November 7, 1941, “A day which will live in Infamy”, as stated by Franklin D. Roosevelt. There are many conspiracy theories, in which people believe Roosevelt knew of the planned attack on Pearl Harbor. The U.S. was caught off guard by the attack and did not have proper intelligence to be able to retaliate on the Japanese. Survivors of the attack on Pearl Harbor, all shared one similar part of their story, security measures were taken down the day before the attack and all the ammunition was locked away making it extremely difficult to fire back.

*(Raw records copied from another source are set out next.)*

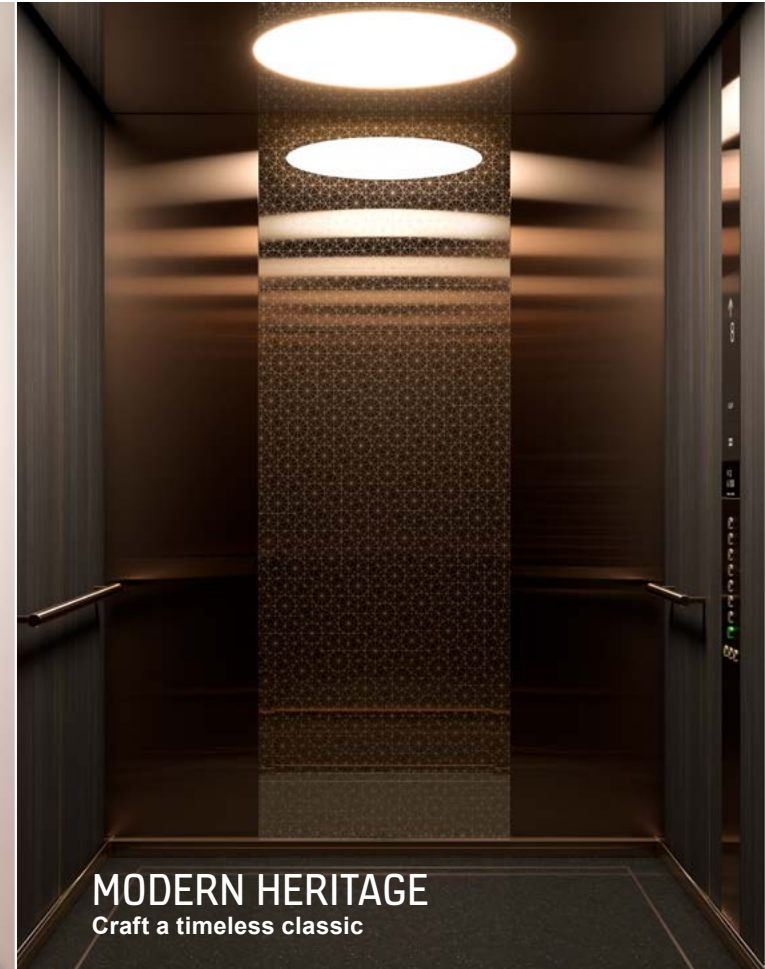
MODERN HERITAGE Craft a timeless classic
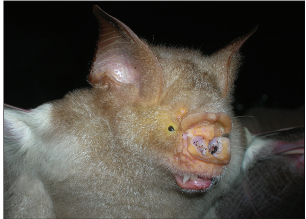
Fig. 3 Hipposideros diadema : CBC01146, Veun Sai Proposed Protected Forest.
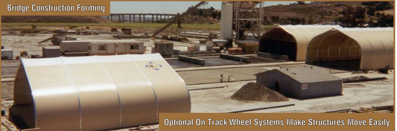
Optional On Track Wheel Systems Make Structures Move Easily
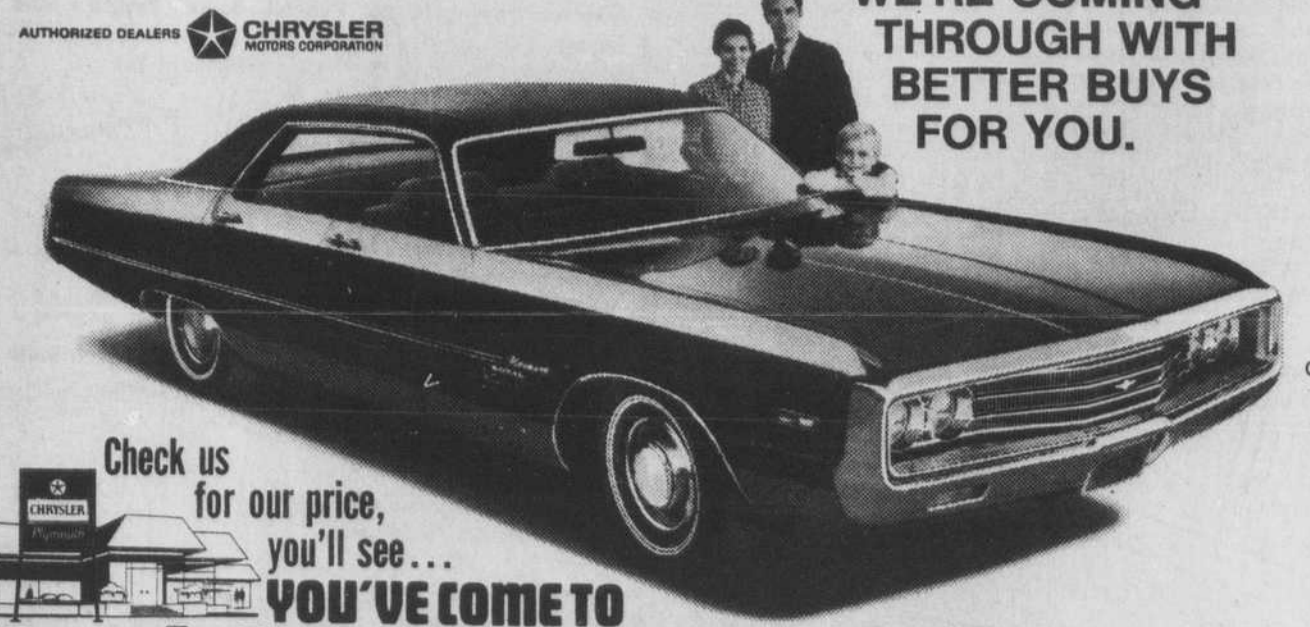
Chrysler Royal 4-Door Hardtop

WE'RE COMING THROUGH WITH BETTER BUYS FOR YOU.
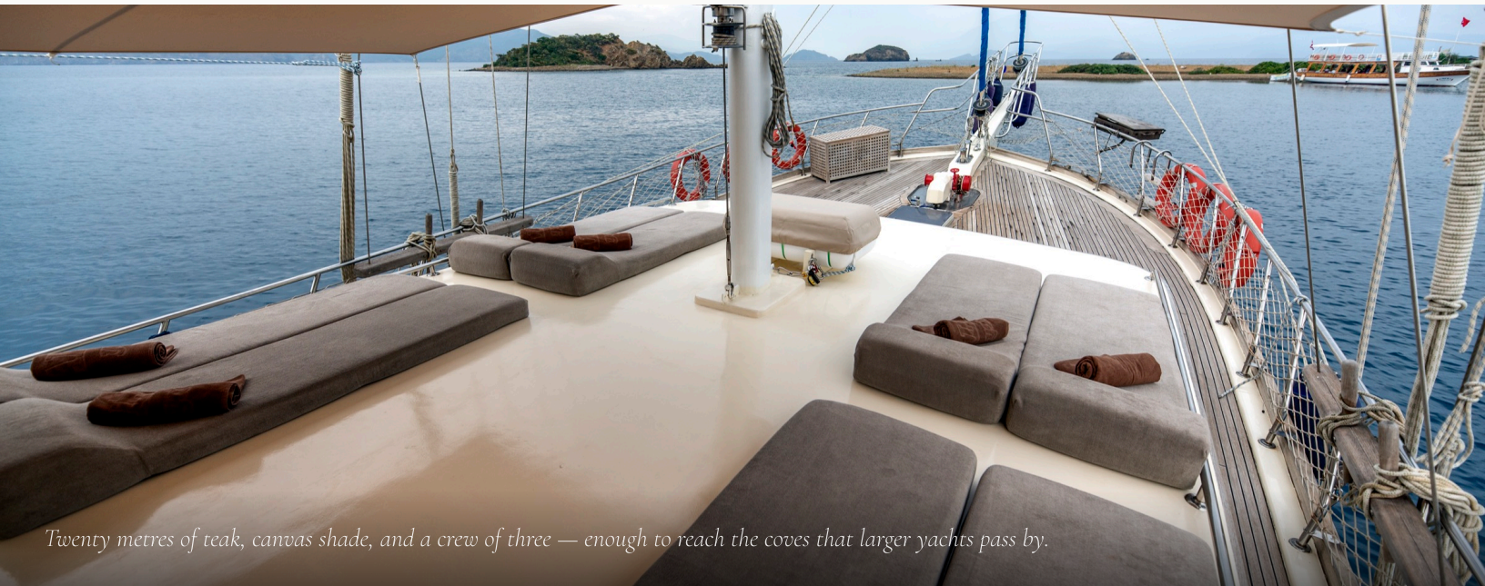
Twenty metres of teak, canvas shade, and a crew of three — enough to reach the coves that larger yachts pass by.

Below, the saloon is warm and finished in wood — a place that feels considered rather than decorated. Roller sails keep her moving under canvas when conditions allow. She's not trying to be the biggest thing in the bay. That's the point.
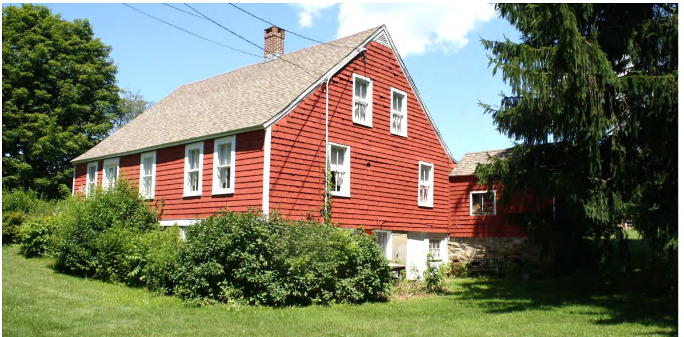
6. Southeast view of Farmhouse, camera facing northwest. Note basement access in east end and well room at right.
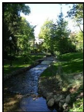
Red Butte Creek flows through it.
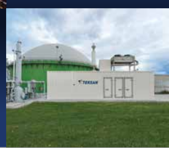
2 x 400 kW
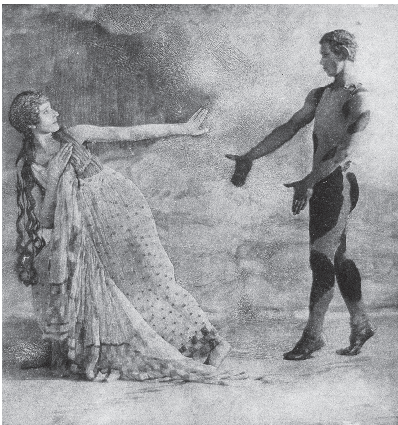
Lydia Nelidova and Vaslav Nijinsky in Nijinsky's L'Après-midi d'un faune, 1912.
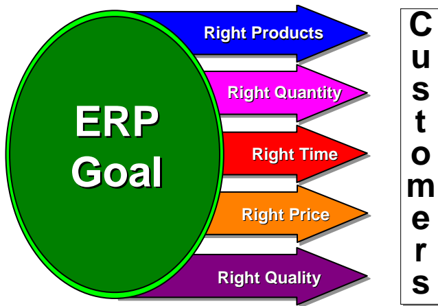
Fig. 2 The goal of enterprise resource planning [3]
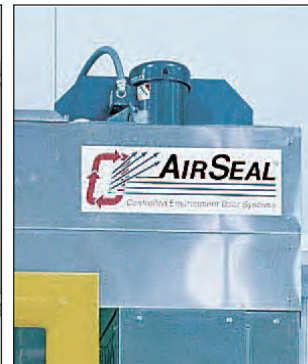
DIRECT DRIVE MOTOR
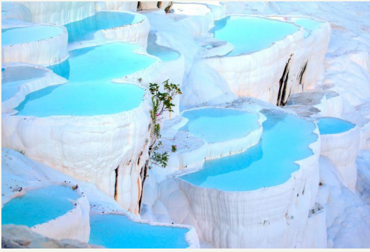
Pamukkale - thermal waters flowing down white travertine terraces

Baklava - a layered pastry dessert filled with chopped nuts, and sweetened with syrup or honey
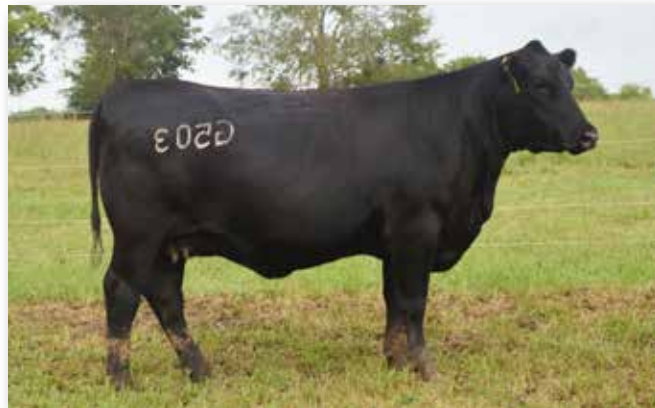
Lot 158 - CK Ms Pride CHYE/A123 G503
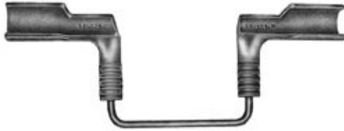
Aluminum Overhead Compression Stirrup
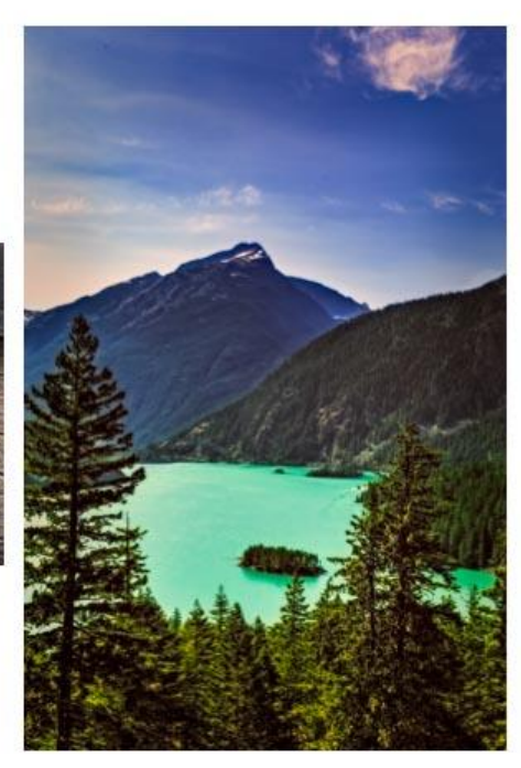
6 North Cascades Summer - Juan Stout

4 Highwood Lake Reflections - Sherrie Tallman
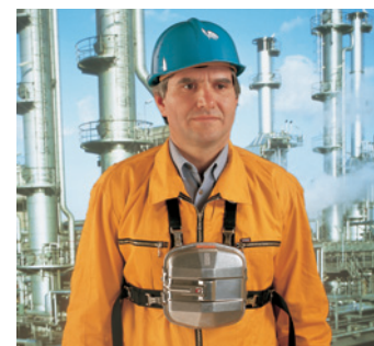
SSR 30/100 B
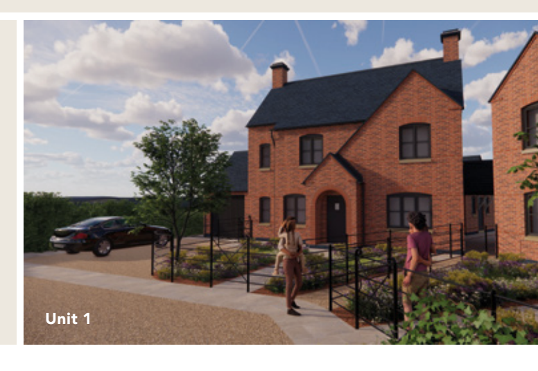
Unit 1 (Total 2350 sq ft inc garage)
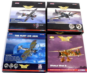
Corgi The Aviation Archive diecast planes, boxed. (4)SOLD for £100
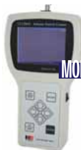
เครื่องวัดฝุ่น MODEL CLJ-H603
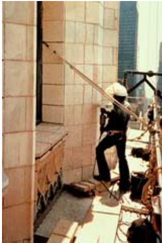
A worker cleans out mortar joints in preparation for repointing the architectural terra-cotta

In an effort to stem water-related deterioration, architects and building owners often erroneously attribute water-related damage to glaze crazing when the source of the deterioration is, in fact, elsewhere: deteriorated caulking, flashing, etc. The waterproof coating of glazed architectural terra-cotta walls may cause problems on its own. Outward migration of water vapor normally occurs through the mortar joints in these systems. The inadvertent sealing of these joints in the wholesale coating of the wall may exacerbate an already serious situation. Spalling of the glaze, mortar, or porous body will, more than likely, result.
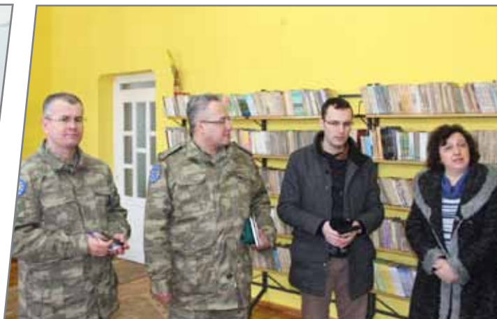
Visit the public library renovated by Turkish LOT
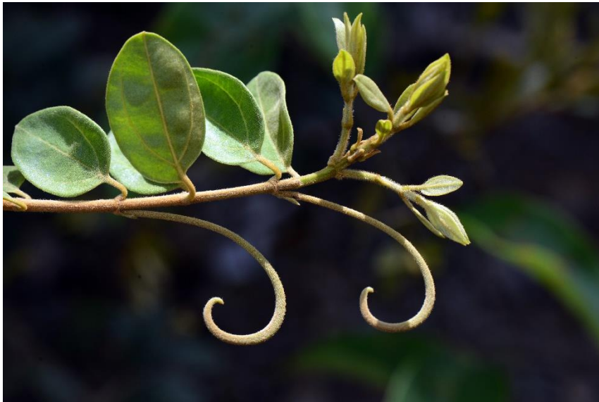
Strychnos guianensis

A pantropical to subtropical family of herbs, shrubs, and tendrilled lianas. The family contains 12 genera and about 400 species; in the Neotropics the family is represented by 5 genera and about 179 species, of which 72 are lianas, all belonging to the genus Strychnos . The genus is found between 100 to 1300
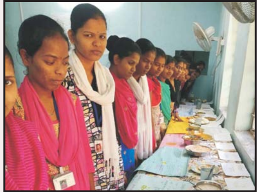
Patient assistance Course
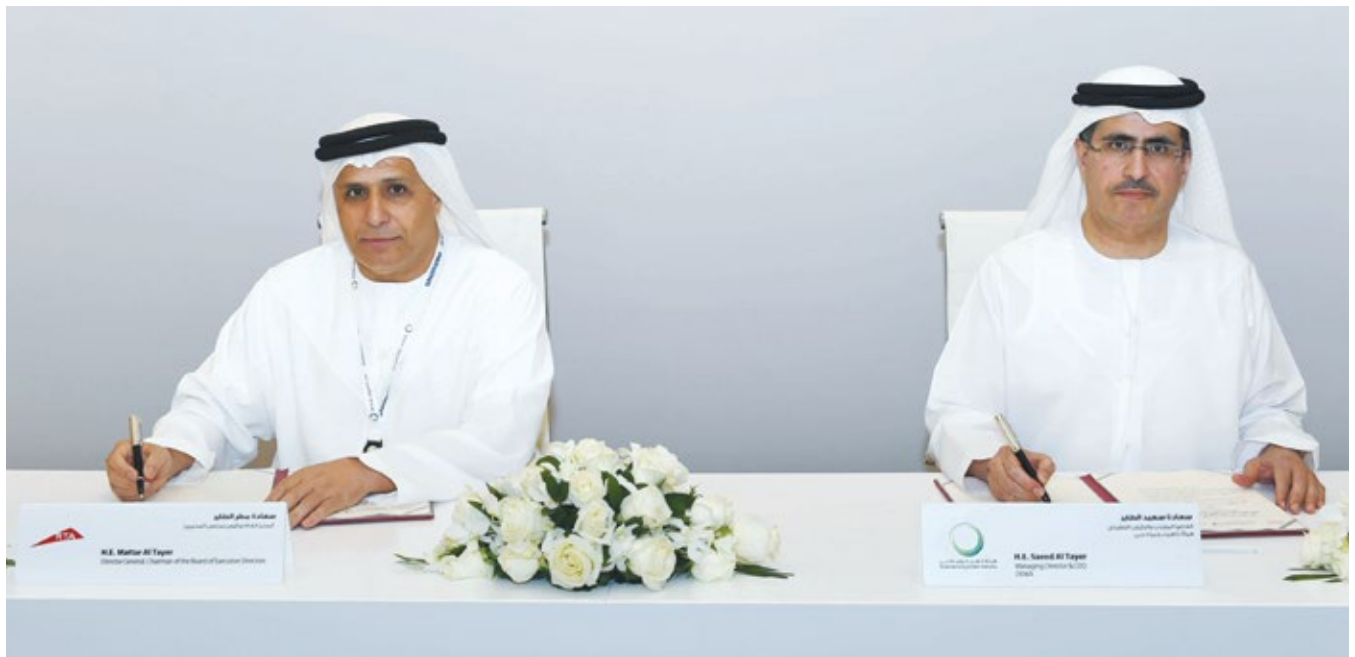
Al Tayer and Saeed Al Tayer sign MoU

this Forum for future projects such as Expo ,2020 which is expected to attract 25 million visitors, 70% of them will come from outside the UAE, and set to create more than 277,000 jobs.
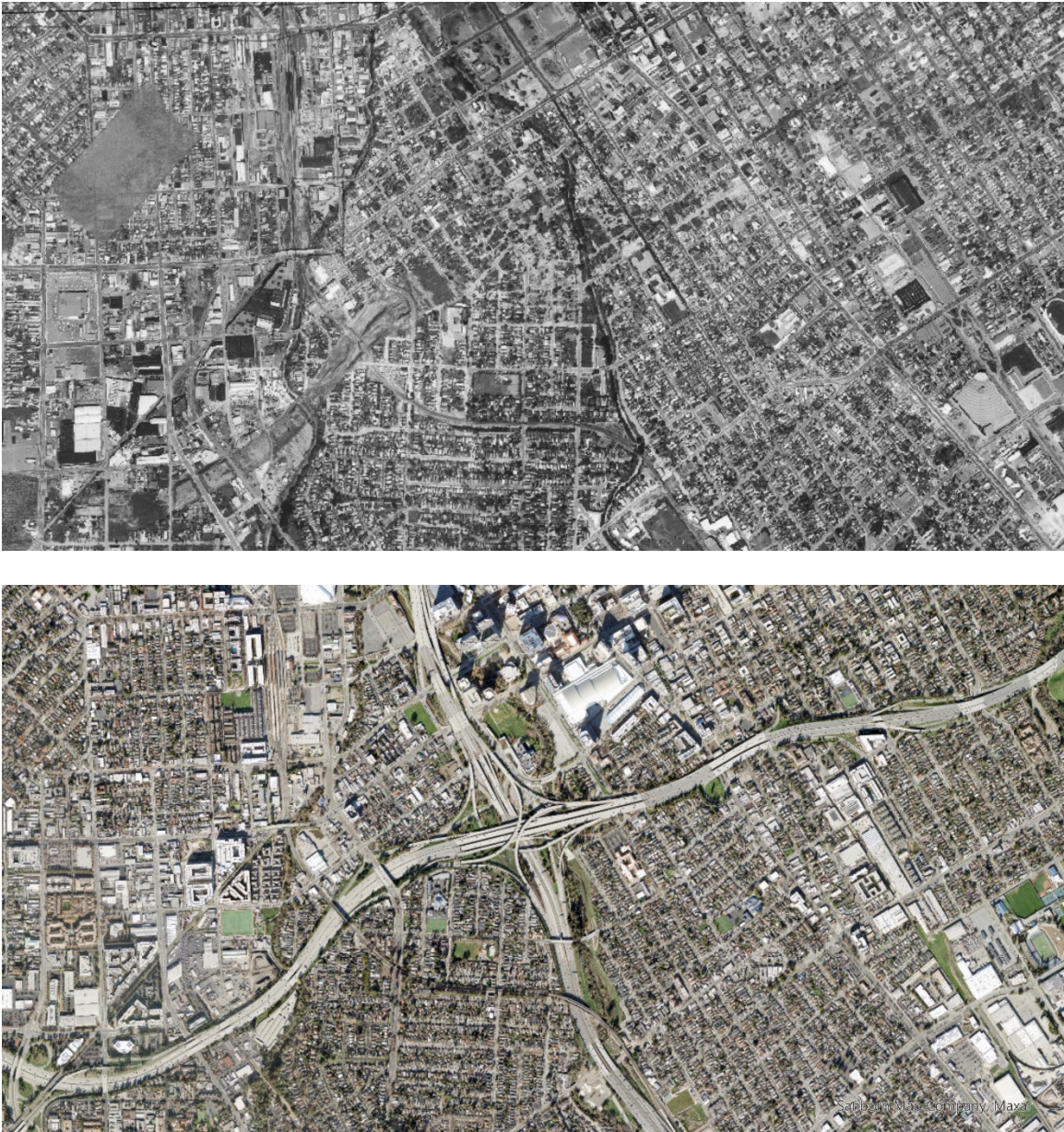
Figure 5. Satellite Images of the Study Area before and after Freeway Construction

Today, the I-280 / CA-87 freeway intersection has an air of permanence. It is an enormous piece of infrastructure, and the physical and social environment has stretched and shifted to make room for it. Thus, while the neighborhoods surrounding the intersection resemble each other, it is hard to imagine how they were once connected before the freeways. Noting that around 500 parcels were demolished to make room for just this one intersection, we can only imagine how many people were impacted by the freeway project as a whole. Similarly, faced with tens of boxes with
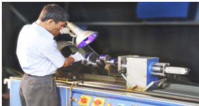
MAGNAFLUX - CRACK DETECTION
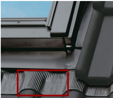
Wavy structure of the studied window part.

The company VELUX develops and produces roof windows, as well as modular skylights, blinds, shutters and ventilation systems. In order to continuously raise the product range and quality, VELUX is not only engaged in improving the production process, but also the individual materials used in the products. Exterior window components such as the installation components are exposed to significant mechanical deformation during processing and installation as well as harsh climatic conditions during service life on the roof. This leads to very high requirements on materials used as well as manufacturing processes.
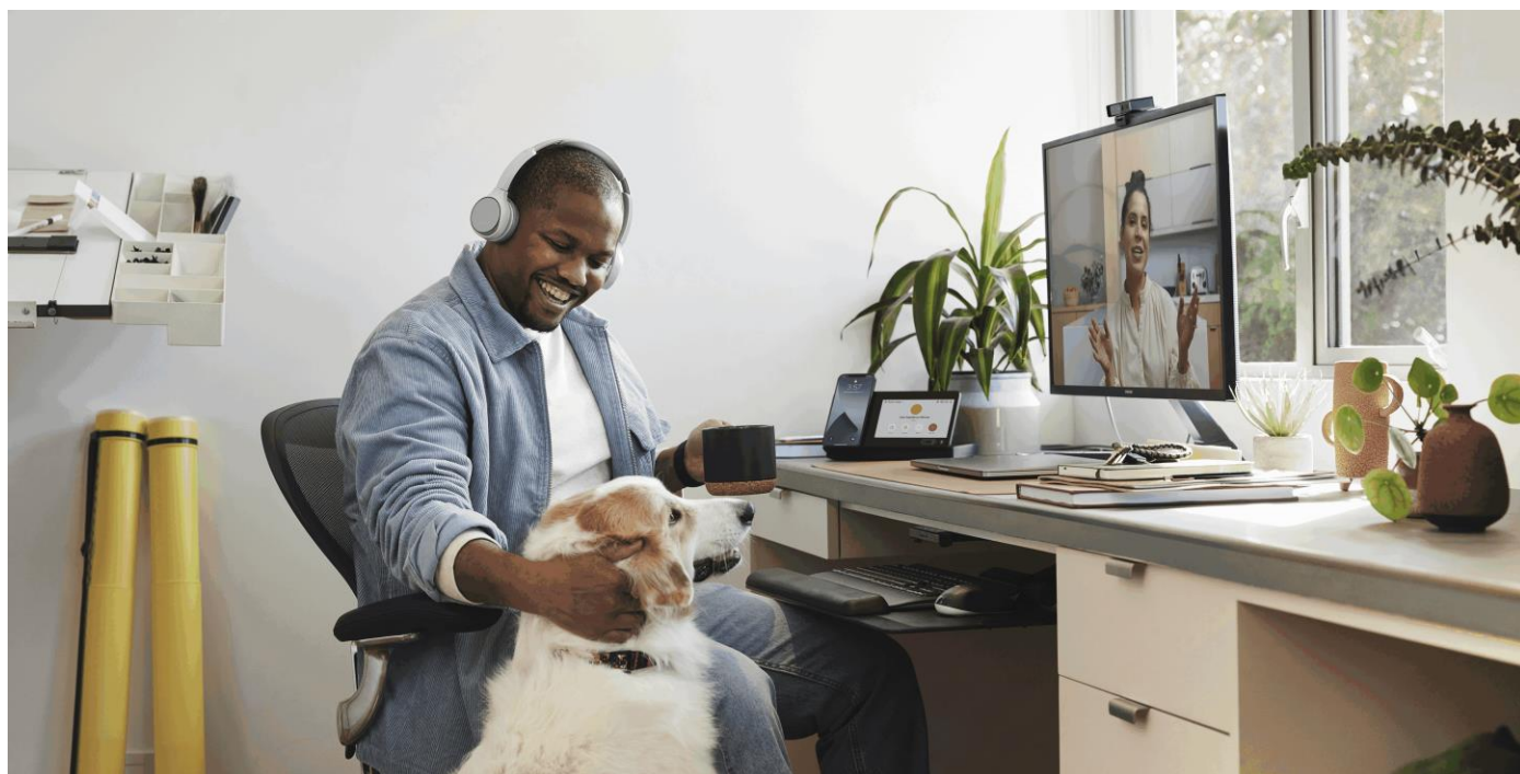
Above: Employee working from home using a Cisco Headset 730 and Webex Desk Camera

The Cisco® Headset 730 is a premium Bluetooth® headset built for business, personal, and the journey between.

The Japanese fleet sailed south at the end of November, undetected across the Pacific Ocean to begin the attack on Pearl Harbor around 8 am on December 7, 1941. Most of the military men were sleeping and awoke to loud blasts and planes flying overhead. Many of the battleships were hit with torpedoes. The Japanese made torpedoes that could sustain the shallow waters in the Harbor and instead hit the ships. The USS Arizona was hit by two torpedoes and sang with over 1,500 men aboard, they were trapped inside the ship and died aboard the ship they called home. The USS Oklahoma capsized drowning the men who were trapped inside. Hundreds of men jumped into the oil filled waters and attempted to save their fellow soldiers in the water, before saving themselves. The Japanese forces consisted of 353 aircraft from 4 carriers. Included were 40 torpedo plans, 103 level bombers, 131 dive-bombers, and 79 fighters, two heavy cruisers, 35 submarines, two light cruisers, nine oilers, two battleships, and 11 destroyers. The three US aircraft carriers were not in Pearl Harbor the day of the attack, this made Admiral Yamamoto fearful that the US would be able to recover and fight back quickly. The casualties of the US military consisted of 3,581 men killed or wounded. Half of these men were aboard the Arizona. Aircraft damaged at Pearl Harbor were totaled to 328. Japan attack the air field at Hickam, destroyed almost all of their planes. Most of which were lined up or grouped together to prevent a takeover by Japanese spies that were already in Hawaii. Six battleships were damaged while two were destroyed. Japanese lost 29 aircraft and 5 midget submarines, one Japanese soldier was taken prisoner and 129 of the Japanese soldiers were killed in the attack. The entire attack at Pearl Harbor lasted an hour and 15 minutes consisting of two waves of attacks.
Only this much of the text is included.